Here I am almost 8 weeks post op and you would think I would be able to start returning to normal, at least somewhat normal life.
Last night my girls and I went to the hills for an overnight campout with some friends. I didn't have to do anything except for show up. Someone had set up our tent, blown up an air mattress for me, and really gone out of her way to make it comfortable for me.
The evening was fun, lots of laughing, singing and telling stories around the campfire, good food (dutch oven potatoes and also bbq spare ribs), and it felt really good to get out and be with friends. My husband is out of town on a business trip, and my son said no way was he going, so it was just the girls and I.

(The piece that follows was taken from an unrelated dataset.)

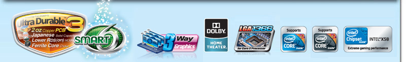 24 phase power, Ultra Durable 3, Dynamic Energy Saver 2, ATI CrossFireX, SLI,

Anyway, should be relaxing, right? Shouldn't be a big deal, right? Wrong!!!!!!
My neck is absolutely killing me. Shoulders are spasming big time, side of my face is numb/tingly, major headache (I haven't had one this bad since surgery), and I am so frustrated. I couldn't sleep because there wasn't enough support with the air mattress and pillows. Tried to sit up for a while, but the tent wasn't tall enough in my corner. Nothing to lean against for support, so couldn't sleep in a reclined position. I finally dozed off around 4:00 a.m., and even then it was short lived. And man am I paying for it today. It hurts to even slightly move my arms, even when typing now. Argghhh!!!! Hasn't it been long enough!
When will it get better? No need to answer that, no one knows. When will I be able to go to an outing and enjoy it rather than putting a fake smile on my face and trying to be tough? Friends don't want to hear about my aches and pains, so I don't talk about it with them. I want them to see me as a person, not someone with a bad neck and chronic pain.
I guess the lesson learned is that I can't go camping again for a while. But I can't just give up on living my life. Right now it is time to go take a muscle relaxant, 2 tramadol, and crawl into my warm, soft, clean bed. For now, I give up!
Surviving chronic pain one day at a time, praying for a reprieve because living another 40 years like this doesn't sound too fun!